# Q-Value Electron Capture Kr-81

1. Jun 1, 2015

### says

1. The problem statement, all variables and given/known data
Calculate the Q-value for the electron capture beta decay of Kr-81
(Answer in MeV, correct to 6 significant figures)

Atomic Masses (amu)
Kr-81 = 80.916592(3)
Br-81 = 80.916291(3)

proton 1.00727647
neutron 1.00866501
electron 0.0005485803
2. Relevant equations
Q = ∑mic2-∑mfc2

Electron Capture = ZX +e_ ---> Y+ neutrino

3. The attempt at a solution
Q = (80.916592 + 0.0005485803) - 80.916291
= 0.00084958029 * 931.5020
= 0.7913857 MeV

I found a Q value of .280801 Mev online. Not sure why I'm off by so much...

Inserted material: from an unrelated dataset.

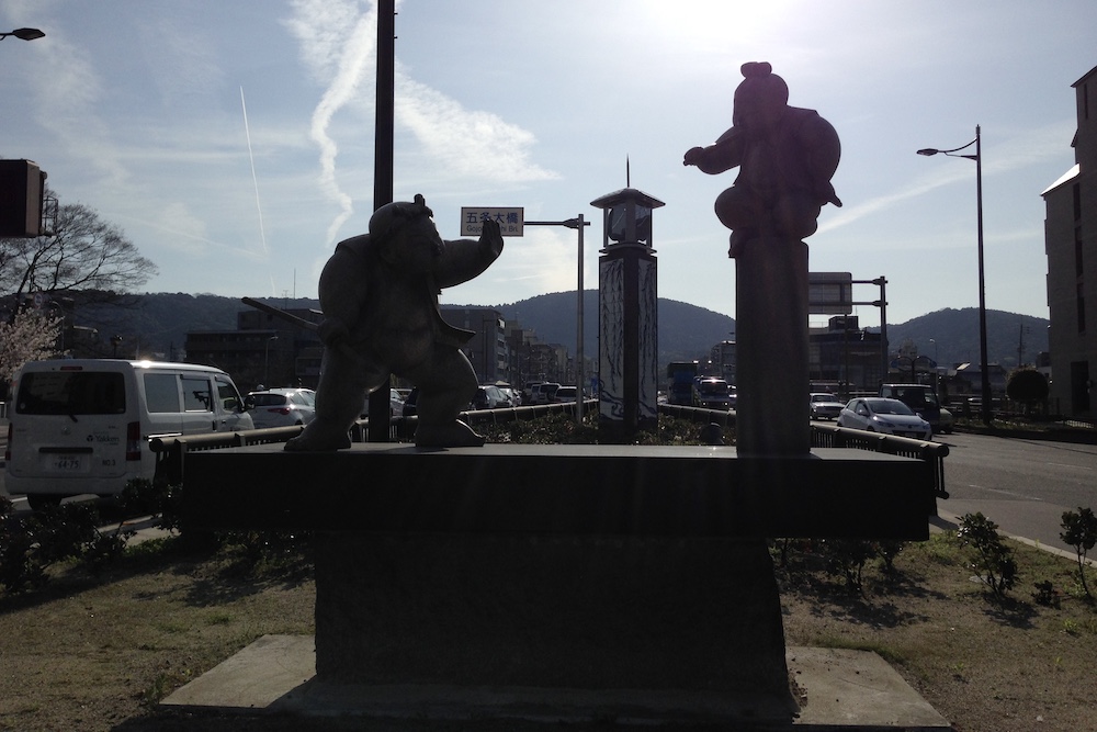 まず訪れたのは五条大橋です。〈迷宮の十字路〉巡りに牛若丸と弁慶の像を見に行きます。

Q = 80.916592 - 80.916291 = 0.00030099999

Q = 0.00030099999 * 931.5020cMeV
= 0.28038209268
= 0.2803821 Mev (correct to 6 sig figs)

Seems better, but I've calculated this using the atomic masses and not the nuclear masses...

Last edited: Jun 1, 2015
2. Jun 1, 2015

### BvU

one me off. Sets you thinking !
The electron is already in the atomic mass, so you don't add it: that's double counting !
See here (again !)

3. Jun 1, 2015

### says

I've calculated this using the atomic masses and not the nuclear masses though. The answer below looks correct. Do I not have to worry about getting rid of electrons when calculating the Q-value in K-capture?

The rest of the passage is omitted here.